--- START ---
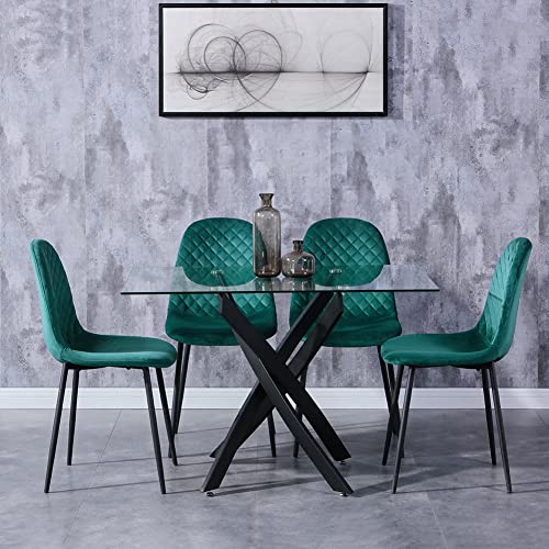 GOLDFAN Modern Tempered Glass Dining Table and Chairs Set 4 Rectangular Kitchen Table and Velvet Chairs Dining Room Sets,Green/120CM
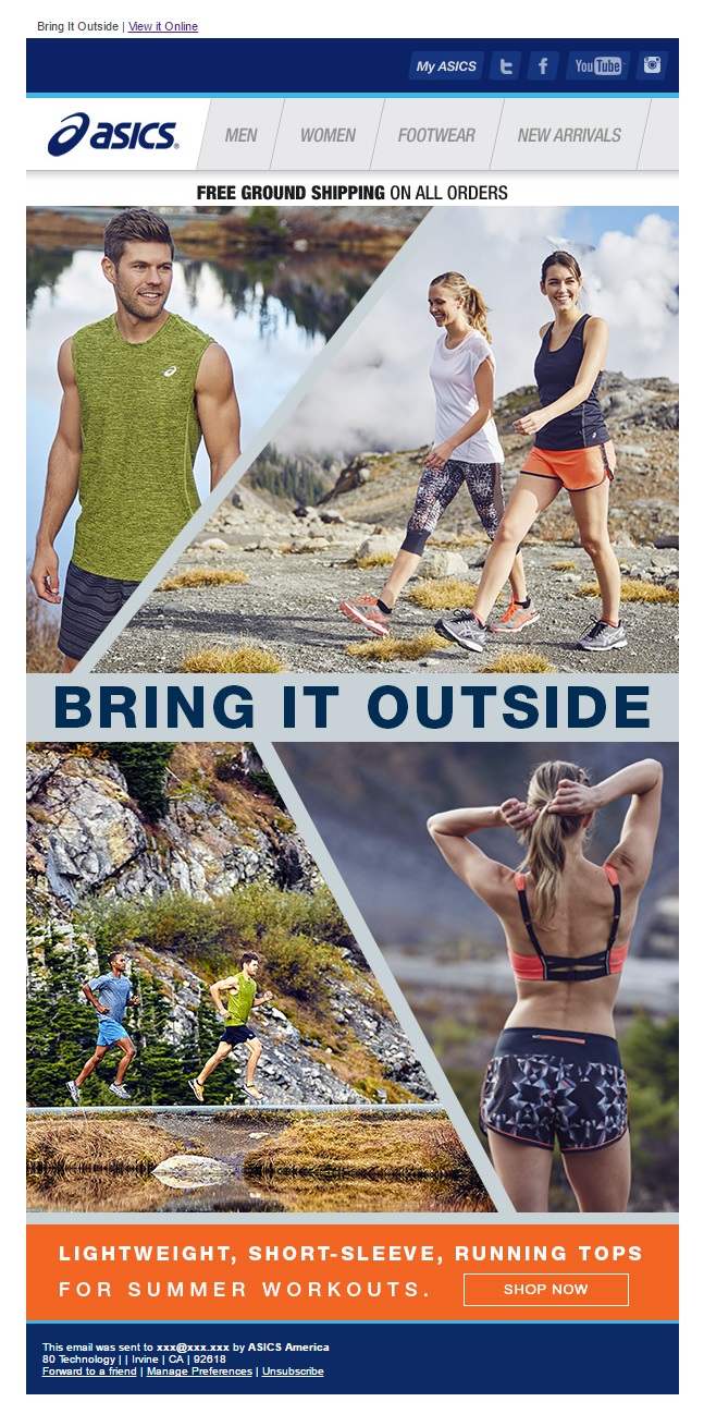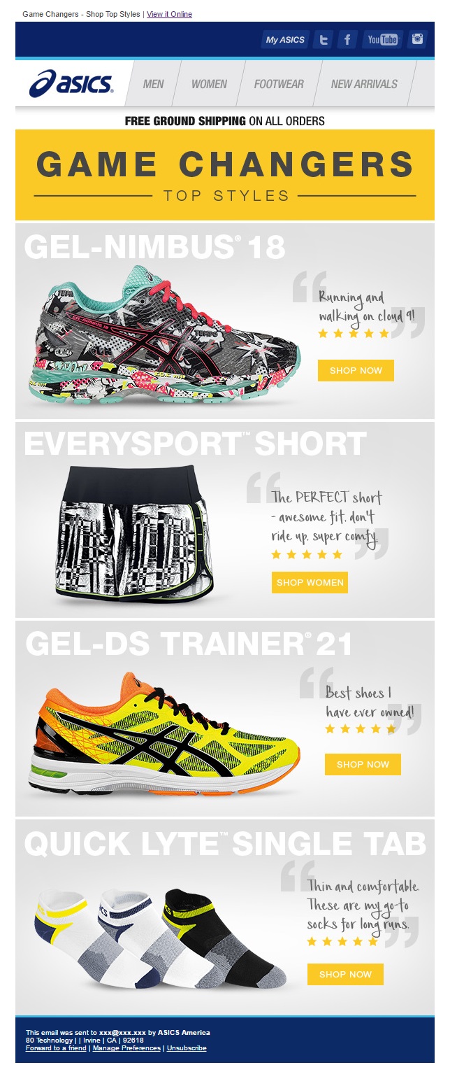 Asics scores a winner with this one. This is a very product-focused message. Four big images of the best summertime, running products or “top styles” as Asics call them. The email is very intuitive, the four products are like big, colorful icons, just hit the one you like.
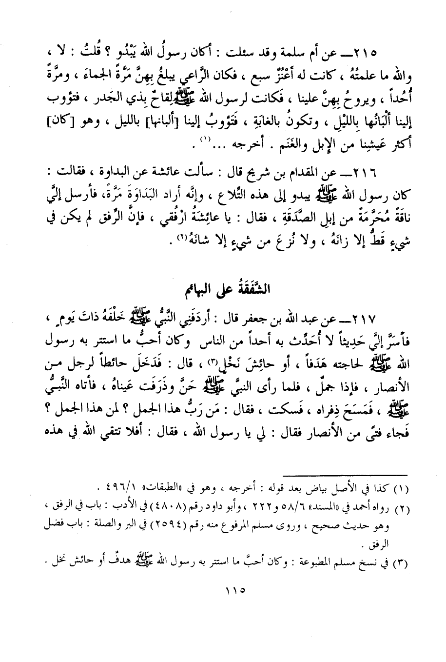 216 - عن المقدام بن شريح قال: سألت عائشة عن البداوة، فقالت: كانٍ رسول الله - صلى الله عليه وسلم - يبدو إلى هذه التِّلاع، وإنَّه أراد البَدَاوَةَ مَرةً، فأرسل إليَّ ناقَةً مُحَرَّمَةً من إبلِ الصَّدَقَةِ، فقال: يا عائِشَةُ ارْفُقي، فإنَّ الرِّفق لم يكن في شئٍ قَطُّ إلا زانَهُ، ولا تُرعَ من شيءٍ إلا شانَهُ (¬2).
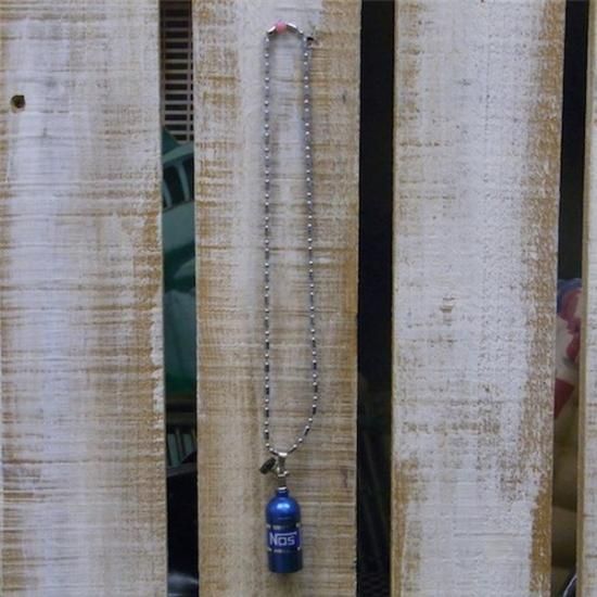 NOS a.k.a. Nitrous Oxide Systems 映画、ワイルドスーピードでドムとレティ ガンガンに使ってましたねぇ。 ただのネックレスに見えますが TOP部分に穴が開いてましてね。 際の使い方を1例出すと、、、 ここにフレグランス入れて車のミラーに飾ってもいいですよ、使い方いろいろ!SIZE H6cm(ボトル本体) SIZE H29.5cm(チェーン含む)
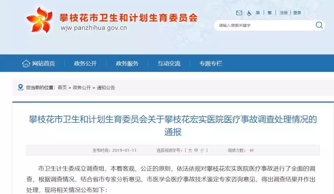 本病例构成一级甲等医疗事故,攀枝花宏实医院承担主要责任,并责令西区卫生计生局对承担主要责任的攀枝花宏实医院及其涉责医务人员作出处理。
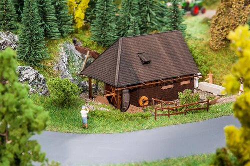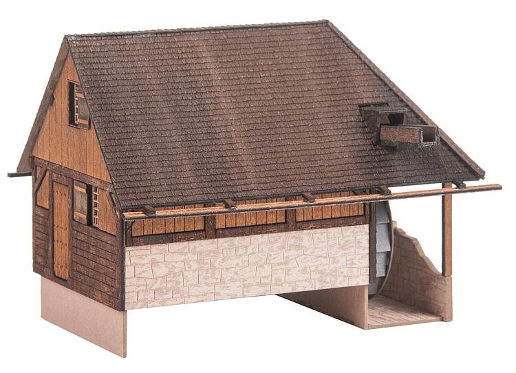 Laserskåret model af en historisk kornmølle med spåntag baseret på en original i "Guyenbach-dalen".
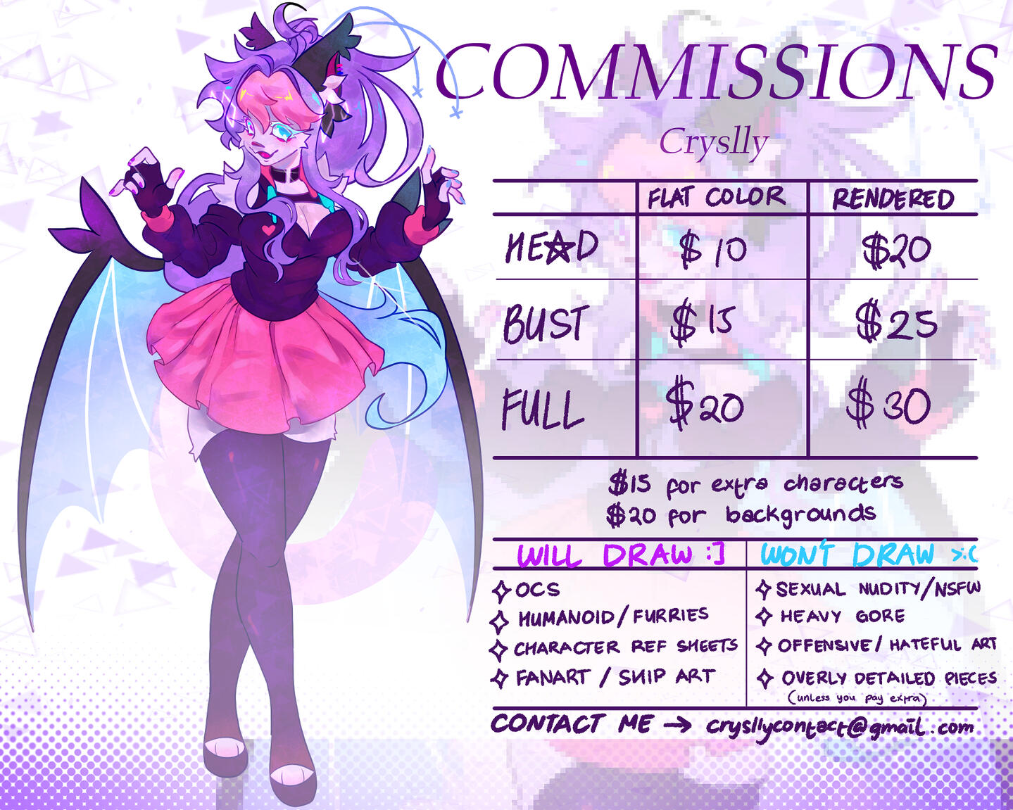 ✦COMMISSION INFO✦ (will be updated from time to time)✦ I use PayPal and I start commissions after the payment.✦ DEADLINES - please be patient with me finishing your piece as I take a long time to finish one because I still have responsibilities to do irl, so I won't be anxious and stressed. I can only take around a week to a month to finish.✦ I HAVE THE RIGHT TO DECLINE - please be understanding if I ever decline because if it's something I'm uncomfortable with or that is beyond my ability.✦ DO NOT CLAIM IT AS YOUR OWN - even if you bought the commission it doesn't mean you made it, silly.✦ FOR PERSONAL COMMISSIONS ONLY - I only do personal commissions. don't use my commissions to make money out of them.✦I DO NOT accept my works being used as NFTs✦I DO NOT accept any freebies, exposure as payment✦Sometimes I took a long time figuring out how to draw things that I haven't drawn before, but not to worry! I love challenging myself through with this and learning new ways of my art.✦Please do know the prices first before you commissioned me, do not complain about my prices being too high.✦I accept refunds, but please do not ask for them when I am almost finished with the work✦Prices will be added for more characters and for more complex backgrounds.Realistic backgrounds are 20 USD (price will cost more depends on the background. minimum is 20 USD)
--- END ---
Quote the records above exactly, leaving out any pictures.

 GOLDFAN Modern Tempered Glass Dining Table and Chairs Set 4 Rectangular Kitchen Table and Velvet Chairs Dining Room Sets,Green/120CM
 Asics scores a winner with this one. This is a very product-focused message. Four big images of the best summertime, running products or “top styles” as Asics call them. The email is very intuitive, the four products are like big, colorful icons, just hit the one you like.
 216 - عن المقدام بن شريح قال: سألت عائشة عن البداوة، فقالت: كانٍ رسول الله - صلى الله عليه وسلم - يبدو إلى هذه التِّلاع، وإنَّه أراد البَدَاوَةَ مَرةً، فأرسل إليَّ ناقَةً مُحَرَّمَةً من إبلِ الصَّدَقَةِ، فقال: يا عائِشَةُ ارْفُقي، فإنَّ الرِّفق لم يكن في شئٍ قَطُّ إلا زانَهُ، ولا تُرعَ من شيءٍ إلا شانَهُ (¬2).
 NOS a.k.a. Nitrous Oxide Systems 映画、ワイルドスーピードでドムとレティ ガンガンに使ってましたねぇ。 ただのネックレスに見えますが TOP部分に穴が開いてましてね。 際の使い方を1例出すと、、、 ここにフレグランス入れて車のミラーに飾ってもいいですよ、使い方いろいろ!SIZE H6cm(ボトル本体) SIZE H29.5cm(チェーン含む)
 本病例构成一级甲等医疗事故,攀枝花宏实医院承担主要责任,并责令西区卫生计生局对承担主要责任的攀枝花宏实医院及其涉责医务人员作出处理。
 Laserskåret model af en historisk kornmølle med spåntag baseret på en original i "Guyenbach-dalen".
 ✦COMMISSION INFO✦ (will be updated from time to time)✦ I use PayPal and I start commissions after the payment.✦ DEADLINES - please be patient with me finishing your piece as I take a long time to finish one because I still have responsibilities to do irl, so I won't be anxious and stressed. I can only take around a week to a month to finish.✦ I HAVE THE RIGHT TO DECLINE - please be understanding if I ever decline because if it's something I'm uncomfortable with or that is beyond my ability.✦ DO NOT CLAIM IT AS YOUR OWN - even if you bought the commission it doesn't mean you made it, silly.✦ FOR PERSONAL COMMISSIONS ONLY - I only do personal commissions. don't use my commissions to make money out of them.✦I DO NOT accept my works being used as NFTs✦I DO NOT accept any freebies, exposure as payment✦Sometimes I took a long time figuring out how to draw things that I haven't drawn before, but not to worry! I love challenging myself through with this and learning new ways of my art.✦Please do know the prices first before you commissioned me, do not complain about my prices being too high.✦I accept refunds, but please do not ask for them when I am almost finished with the work✦Prices will be added for more characters and for more complex backgrounds.Realistic backgrounds are 20 USD (price will cost more depends on the background. minimum is 20 USD)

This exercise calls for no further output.